Senior lawyer Shilpi Jain told PTI: “It (Thursday’s judgment) is an extremely progressive judgment like that of never before, but the observation on marital rape does not make it an offence. The observation is only in the circumstances wherein a woman can get pregnant and one of those circumstances being when a man has intercourse with a woman in marriage... nowhere making marital rape an offence.

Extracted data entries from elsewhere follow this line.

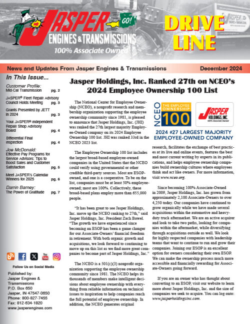 Features: Customer Profile: Mid-Cal Transmission pg. 2, JASPER® Fleet Repair Advisory Council Holds Meeting pg. 3, Grants Presented by JETT in 2024 pg. 3, Your JASPER® Independent Repair Shop Advisory Board pg. 4, Differential Final Inspection pg. 4, Joe McDonald: Effective Pay Programs for Service Advisors: Tips to Boost Sales and Customer Satisfaction pg. 5, Meet JASPER’s Calendar Winners for 2025 pg. 6, Darrin Barney: The Power of Gratitude pg. 7
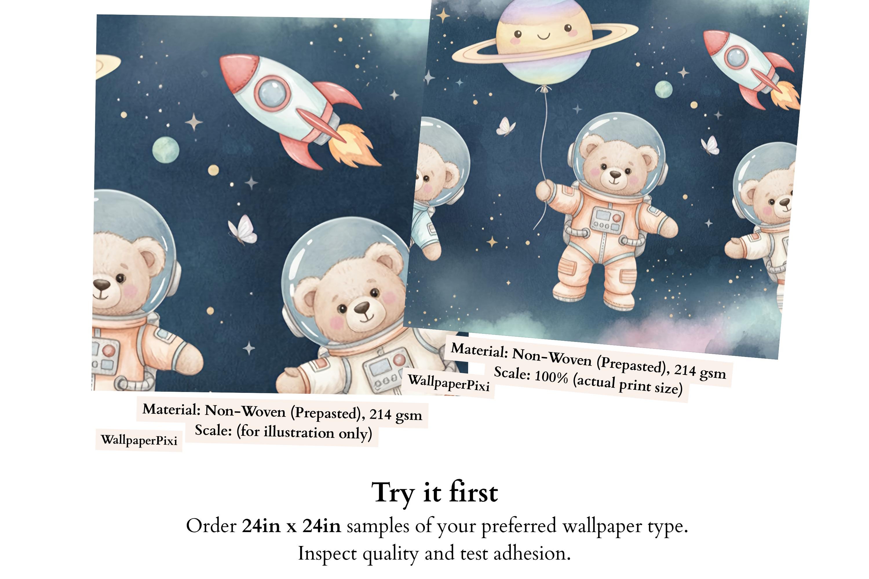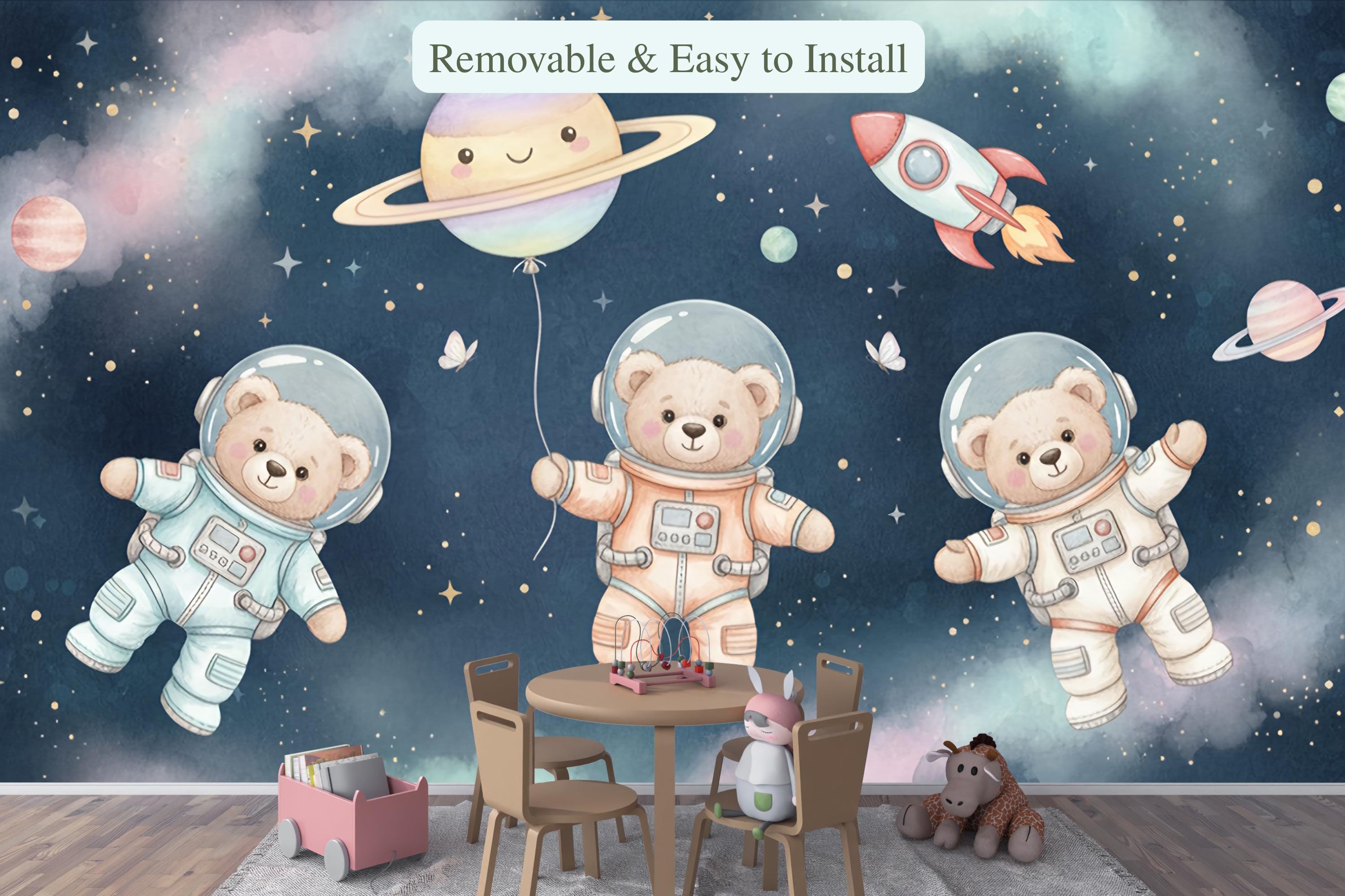 Our high-quality peel and stick kids wallpaper makes installation a breeze; this nursery peel stick material is durable and easy to apply. This Bear Wallpaper transforms the room into a living storybook wallpaper scene. Every peel and stick bear floats among soft, watercolor planets, creating a dreamy backdrop. It's the ideal Boys Wallpaper to inspire curiosity and sweet dreams.
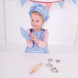 Junge Köche werden dieses helle und angenehm blaue Baumwollset zum Backen und Kochen lieben. Es enthält eine Schürze, einen Ofenhandschuh, eine Kochmütze, ein Nudelholz und Ausstechformen, ideal für spaßiges Kochen und Rollenspiele.
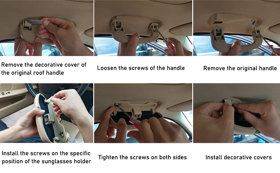 The Grab Handle Sunglasses Case is easy to install and use, with a one-hand switch that allows for quick and effortless access to your sunglasses. Its high-quality damping spring ensures that the holder closes slowly, providing better protection for your glasses and preventing any annoying rattling while driving.
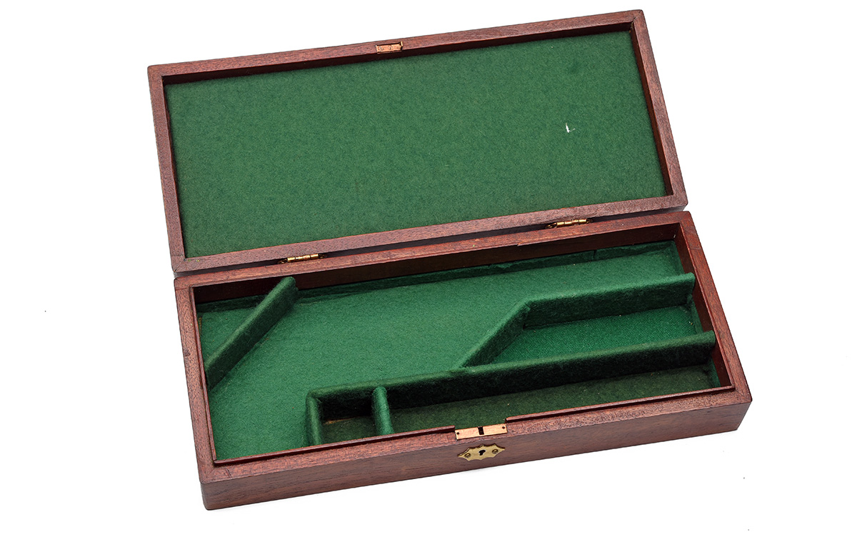 A WOODEN HANDGUN CASE FOR 'TRANTER' REVOLVER, approx. 13 3/4in. x 6in. x 2 1/2in. lined with green baize, brass lock, key included

Marital rape will only become an offence when it is added to IPC.”

Ranjana Kumari, social activist and director of the Centre for Social Research, said: “Now the SC (Supreme Court) has recognised it (marital rape), so Parliament should also move (to create a) legal framework.”

The Supreme Court also said that women other than cisgender women, too, may need access to safe abortions.

Cisgender people are those whose sense of personal identity and gender are the same as their birth sex.

“Before we embark upon a discussion on the law and its application, it must be mentioned that we use the term ‘woman’ in this judgment as including persons other than cisgender women who may require access to safe medical termination of their pregnancies,” Justice Chandrachud, who authored the 75-page verdict, said.

Ruling welcomed

Members of the Federation of the Obstetrics and Gynaecological Societies of India (FOGSI), a body of doctors, welcomed the judgment. “We now have a clear interpretation of Rule 3(B), which is good,” said Hrishikesh Pai, president-elect of FOGSI.

The non-government Population Foundation of India described the judgment as “historic”, saying it had addressed “an important issue” where unnecessary categorisation could deprive certain women of their right to abort pregnancies.

“We need to ensure that our laws don’t reflect any moral judgment on women who choose to abort,” Poonam Muttreja, the Foundation’s executive director, said in a statement.

The MTP Amendment Act, 2021, still falls short of being a rights-based legislation, the Foundation added.

“We have been unable to prevent unsafe abortions and uphold the rights of those who need abortions,” it said. “We hope this judgment could be a step towards making our abortion regime more liberal and pro-women.”

Richa Sharma, professor of gynaecology at the University College of Medical Sciences, New Delhi, and chairperson of FOGSI’s MTP committee, said most women tend to seek abortions within 20 weeks. “This judgment has provided clarity for MTP after 20 weeks.”

The Foundation also cautioned that abortions remain inaccessible to a large proportion of the population.

“The majority of abortions are performed in the private sector,” said Muttreja. “This results in high costs, making the service inaccessible to marginalised communities…. And as a result of regressive social mindsets, some doctors deny abortion to legally eligible women.”